Is Israel really committed to this ceasefire?

Considering Israel’s past actions – including unilaterally breaking a ceasefire earlier this year and Netanyahu saying the war isn’t over – it is uncertain.

According to many Netanyahu critics, much of the genocide Israel unleashed on Gaza has been shaped by his own political circumstances.

But that makes him more reliant on the Trump administration, which supports the ceasefire, to protect him.

“Israel has never had a leader in a weaker position, so the US will never have a better chance of pushing their deal through,” Yossi Mekelberg, a senior consulting fellow at Chatham House, said, listing the threats to the PM that Trump’s support might save him from.

Netanyahu has petitioned Israel’s President Isaac Herzog to grant him a pardon in his ongoing corruption trial. Trump has also asked Herzog to pardon Netanyahu.

Netanyahu can also use Trump as an excuse if his far-right government members are angered by an end to the war on Gaza.

“Netanyahu can always shrug and say, ‘it’s not me, it’s Trump,’” Mekelberg said.

What’s planned for phase two?

Phase two of the deal concerns Gaza’s post-war governance. The most detailed framework so far has been the US-backed plan, now endorsed in part by the UNSC.

The plan sets out a transitional phase in which Palestinian technocrats – not political factions – would run day-to-day governance.

Their work would be overseen by a multinational “Board of Peace”, and supported by an International Stabilisation Force tasked with security and demilitarisation.
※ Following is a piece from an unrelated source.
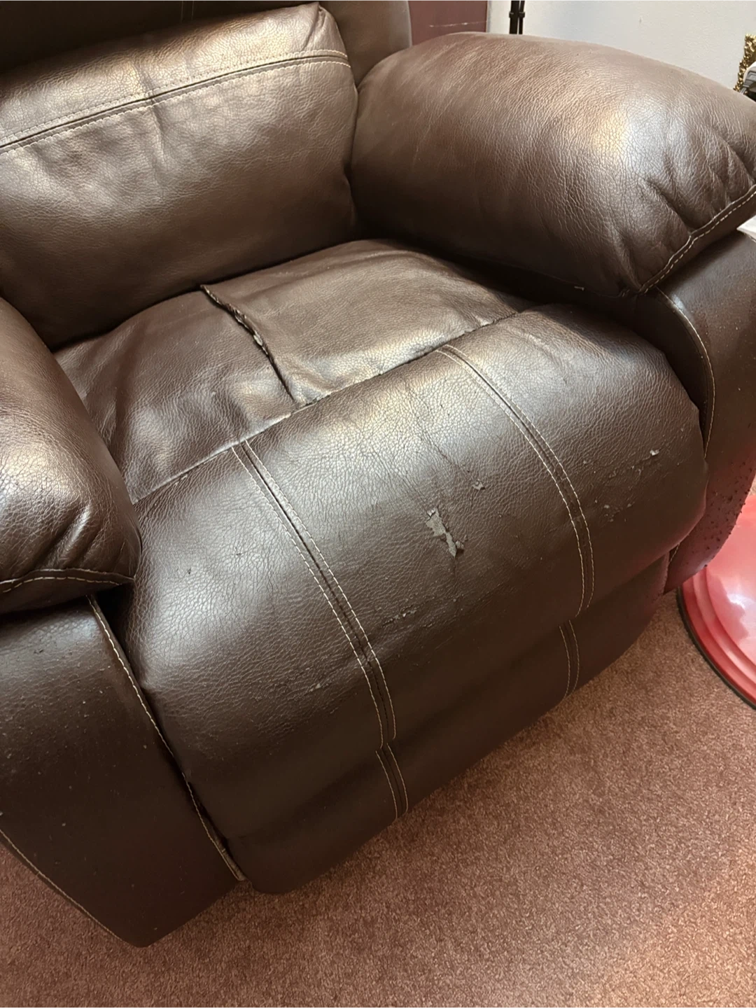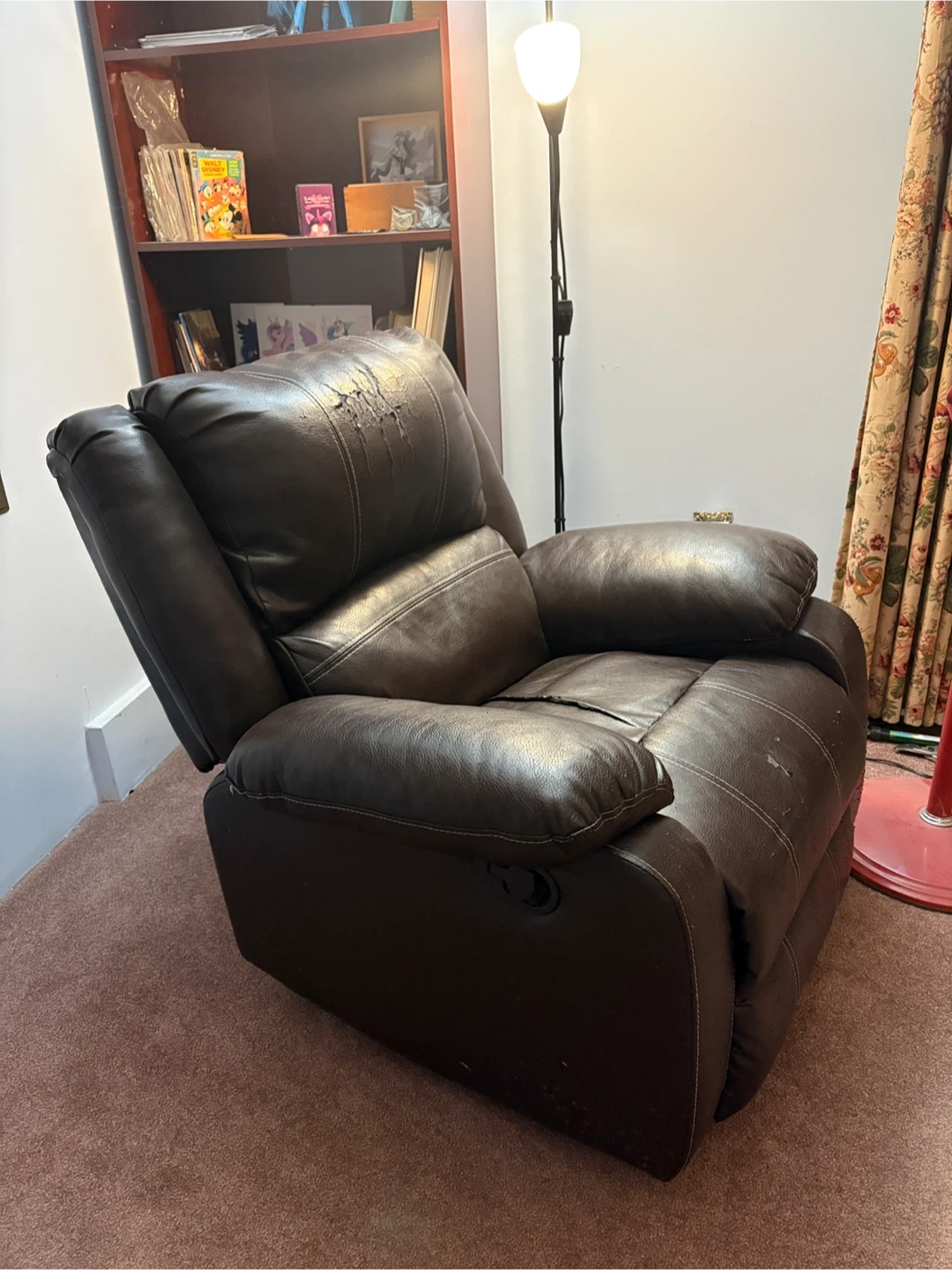 Comfortable brown recliner chair. Made of faux leather material. Shows some wear and tear on the headrest and seat cushion.
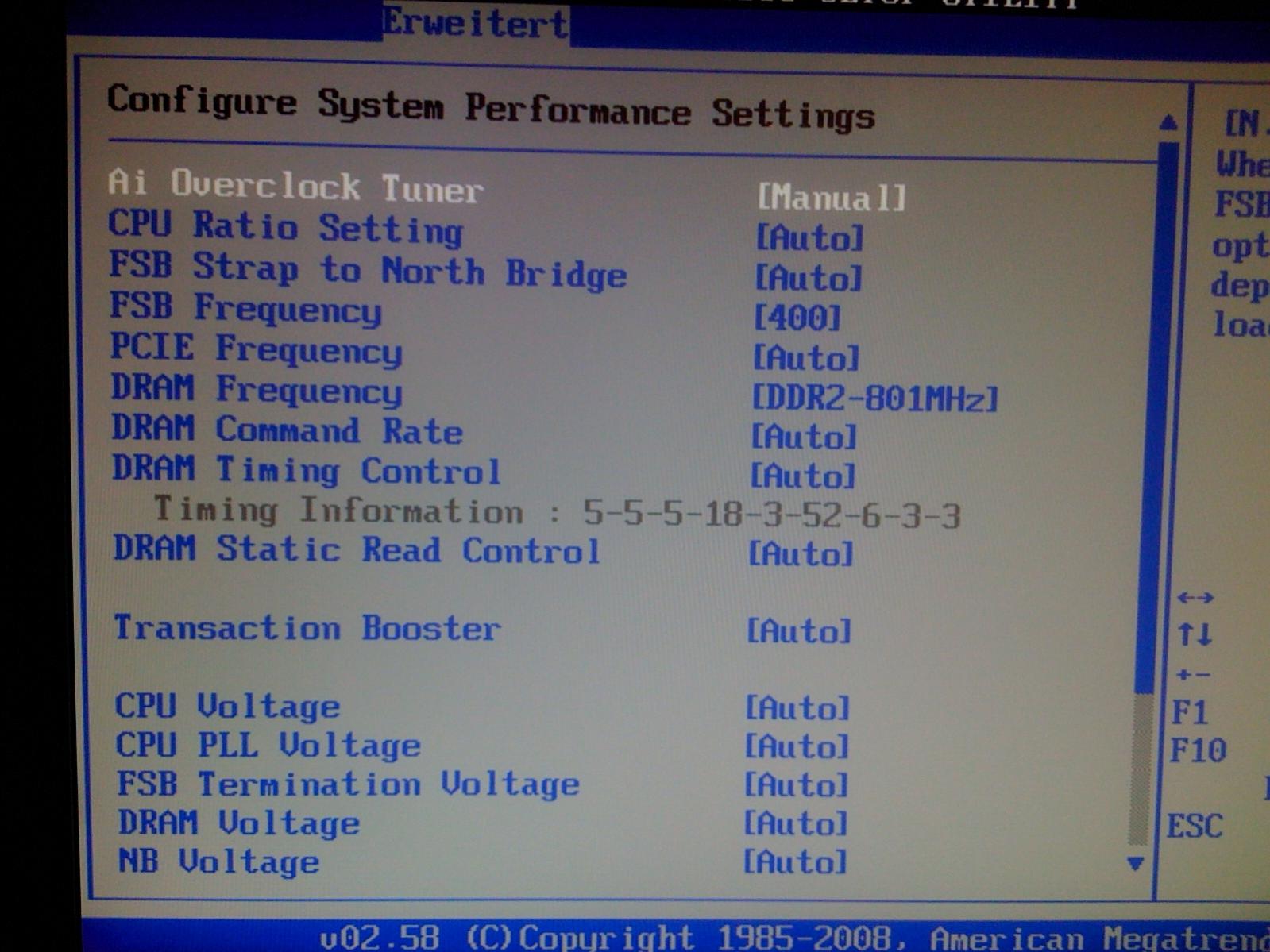 Ich habe angefangen meinen Prozessor zu übertakten. Es ist ein C2D e8500. Zur Zeit bin ich bei 4.085 Ghz. Die Spannung möchte ich nicht zu hoch setzen. Weil er noch etwa ein Jahr halten muss (Ich weiss das der Cpu höchstwahrscheindlich noch länger überlebt). Den Pc wird fast täglich gebraucht. Ich habe jetzt mal ein paar Fotos von meinen Biossettings gemacht.

This is meant to allow for the reconstruction of Gaza and stop a return to armed conflict.

But Hamas and other Palestinian groups have rejected the idea of foreign guardianship over Gaza.

They were also opposed to the UNSC resolution, saying it “paves the way for field arrangements imposed outside the Palestinian national will”.

So, could a final deal be likely?

Other than the still escalating death toll in Gaza, nothing is certain.

Netanyahu, according to his critics, is an opportunist to his core, who is still balancing several competing threats at home.

Meanwhile, Trump and his inexperienced political negotiators drawn from outside of the US’s diplomatic core find themselves negotiating a settlement to both the genocide in Gaza and the war in Ukraine.

And, whatever deal is agreed upon, Israel is almost certain to continue to attack Gaza whenever it likes, much as it does in the occupied West Bank, Lebanon, Syria, and elsewhere in the region.

A Palestinian state also does not look any closer to fruition.

Mekelberg points out that with so many potentially shifting factors, including Israel’s domestic politics, it is hard to know if a final deal is achievable.

“It’s Netanyahu,” Mekelberg said.

“His corruption cuts through everything, from his legitimisation of the far-right at home to the way he’s approached the conscription of the ultra-Orthodox [Jews in the Israeli military]. It’s too messy. There are no lines through.